═════ DATA SHOWN ═════

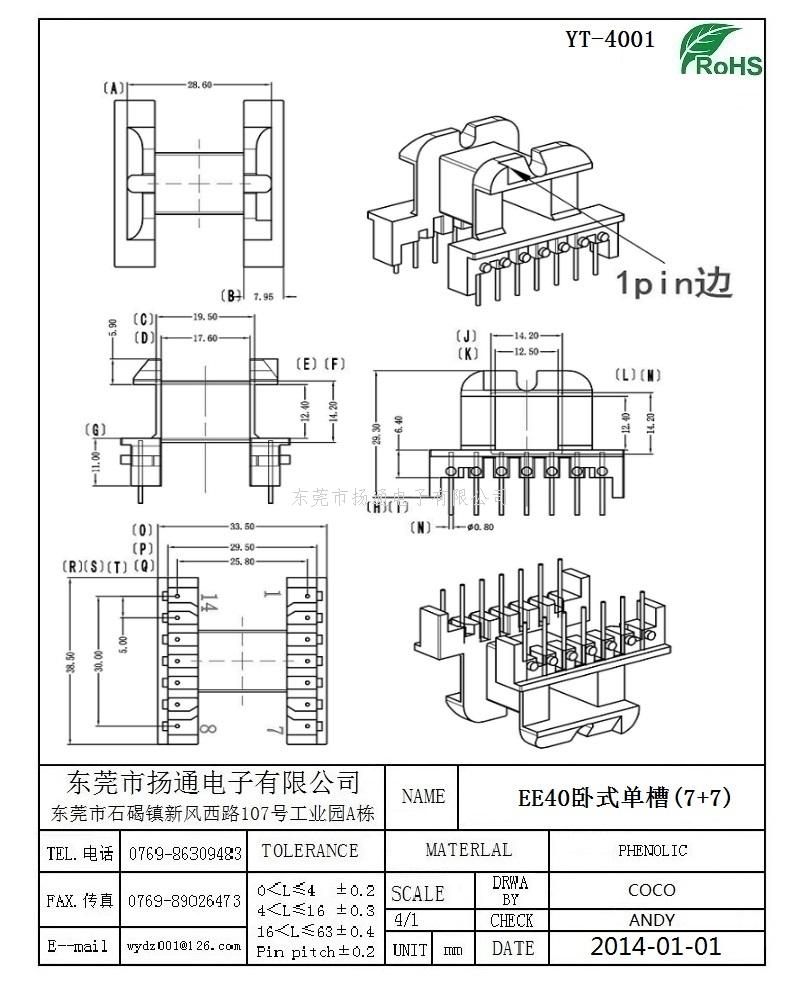 EE40变压器骨架EE40电木骨架EE40高频骨架 卧式单槽7+7P YT-4001
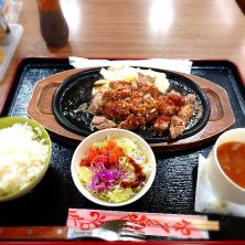 ガーリックカットステーキのセット。次に来たときはタコライスを食べたい🤤🍴
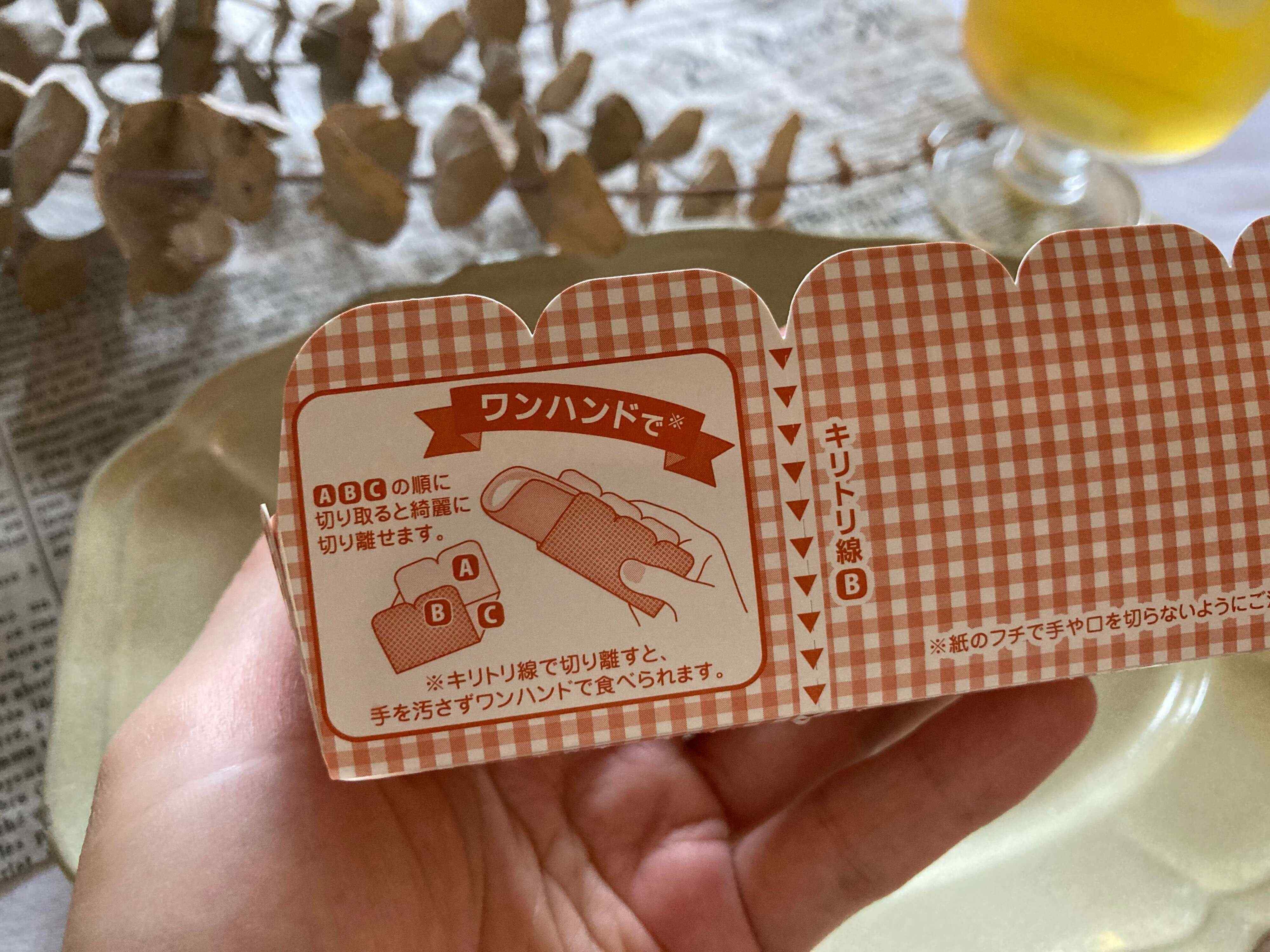 こんな感じで、手を汚さずワンハンドで食べられるのです。これならどこでも手軽に食べられるので嬉しいですね。
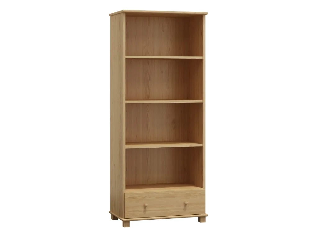 Praktická knihovna s šuplíkem je vyrobena z masiv borovice a deska má tloušťku 2 cm, což zajišťuje pevnou a odolnou konstrukci. Rozměry činí 80 x 190 x 42 cm (š x v x h), takže poskytuje dostatek místa pro knihy i drobné předměty.
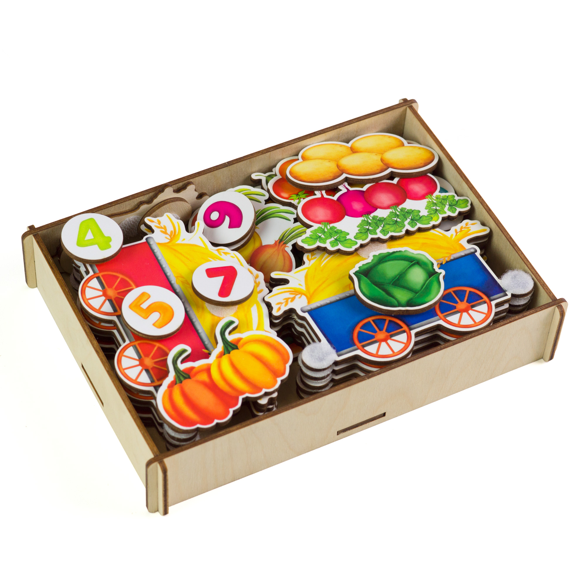 Липучка Поезд с овощами изготовлена из дерева – экологически чистого и гипоаллергенного материала.

═════

## DIRECTIONS FOR THIS TASK:
Everything in the entries must be written out exactly; the pictures stay out.

## WRITTEN SOLUTION:
 EE40变压器骨架EE40电木骨架EE40高频骨架 卧式单槽7+7P YT-4001
 ガーリックカットステーキのセット。次に来たときはタコライスを食べたい🤤🍴
 こんな感じで、手を汚さずワンハンドで食べられるのです。これならどこでも手軽に食べられるので嬉しいですね。
 Praktická knihovna s šuplíkem je vyrobena z masiv borovice a deska má tloušťku 2 cm, což zajišťuje pevnou a odolnou konstrukci. Rozměry činí 80 x 190 x 42 cm (š x v x h), takže poskytuje dostatek místa pro knihy i drobné předměty.
 Липучка Поезд с овощами изготовлена из дерева – экологически чистого и гипоаллергенного материала.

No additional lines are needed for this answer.